▶ TASK TO CARRY OUT: Within the lines below, the span from the line with "70cm x 90cm" to the line with "Foto 6 halvtag over spildolietank", both ends included, is to be reproduced exactly, with pictures omitted.

▶ RECORDS TO USE:
::::::::::
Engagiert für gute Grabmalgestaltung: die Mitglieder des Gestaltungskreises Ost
::::::::::
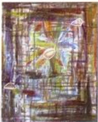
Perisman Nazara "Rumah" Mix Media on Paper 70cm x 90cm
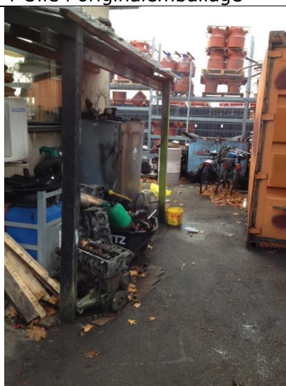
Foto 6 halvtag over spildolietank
::::::::::
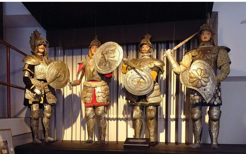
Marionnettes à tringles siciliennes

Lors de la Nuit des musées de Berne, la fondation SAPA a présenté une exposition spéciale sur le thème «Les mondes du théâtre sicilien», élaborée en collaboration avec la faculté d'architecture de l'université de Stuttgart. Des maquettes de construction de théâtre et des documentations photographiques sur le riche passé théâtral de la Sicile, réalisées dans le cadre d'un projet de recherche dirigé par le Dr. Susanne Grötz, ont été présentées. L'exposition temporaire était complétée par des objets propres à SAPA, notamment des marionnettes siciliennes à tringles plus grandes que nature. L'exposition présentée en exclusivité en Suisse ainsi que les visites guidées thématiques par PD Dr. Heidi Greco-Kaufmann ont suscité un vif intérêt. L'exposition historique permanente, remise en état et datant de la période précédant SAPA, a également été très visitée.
::::::::::
▶ ANSWER TO THIS PROBLEM:
Perisman Nazara "Rumah" Mix Media on Paper 70cm x 90cm
Foto 6 halvtag over spildolietank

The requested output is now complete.